Author Christine Day claims to have written The Sea of Winter for young people who struggle with loneliness, a separation from friends, and uncertainty about the future. It is also for those learning to live with and recover from trauma. However, it’s not just a story for those who despair but for readers who can relate to athletes whose dreams are altered by injury. It’s for readers of Cynthia Leitich Smith, James Welch, and Jennifer Longo or for anyone struggling to find joy again and needing a reminder that pain is temporary.
Twelve-year-old Maisie Cannon is a Makah/Piscataway girl whose sanctuary is ballet school. She finds her bliss in the bright, airy space of her favorite studio where mirrors line the walls, ballet slippers squeak on pearl-gray floors, and piano notes pinwheel around her.
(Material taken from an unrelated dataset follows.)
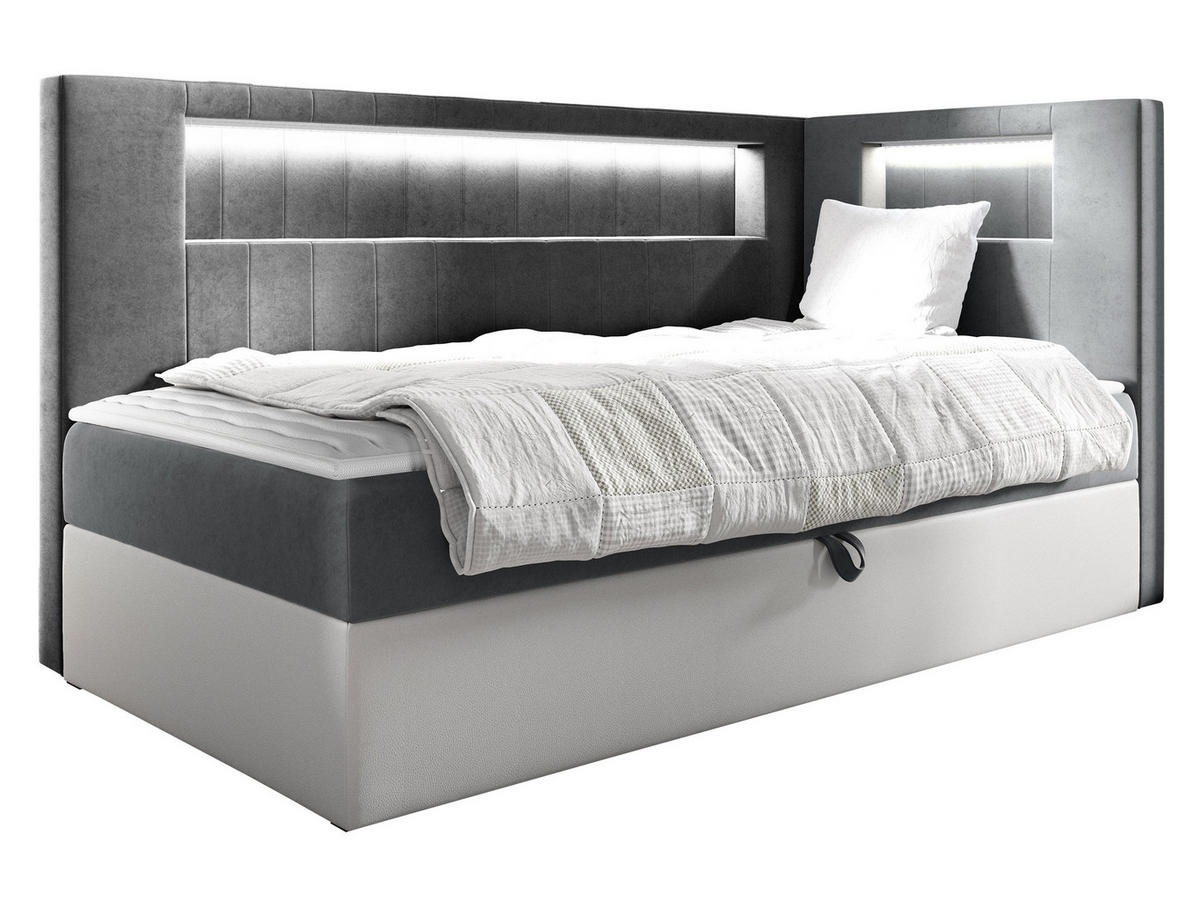 - Besonderheiten: mit Bettkasten, Polsterkopfteil und Beleuchtung

Here, she can spin and step and reach as she performs the sweeping gestures of a grand port de bars or the aching lift of an arabesque.
When Maisie tears her ACL in an accident at ballet school, the injury leaves her adrift in the sea of unknowing, a place that is cold and lonely and frightening. Maisie sees all of her hard work, the years of her life spent convinced that she had found her passion, and her belief that practice and persistence would pay off all go up in smoke. Laughter becomes rare, replaced by mood volatility and snappishness. Maisie’s six-year-old brother Conner is a ray of sunshine to her human storm.
On this trip, along with Maisie and Conner, the reader learns history of the Duwamish Tribe during colonization and how the knowledge and generosity of the Duwamish helped the Denny Party survive their first winter in the Pacific Northwest. We also learn about the environmental impact of the Elwha and Glines Canyon Dams and the toll they took on Native American tribes living in those areas in 1910. After their devastating effects on tribal life, the salmon populations, landscape, and changing ecosystems, in 2011, the deconstruction process began.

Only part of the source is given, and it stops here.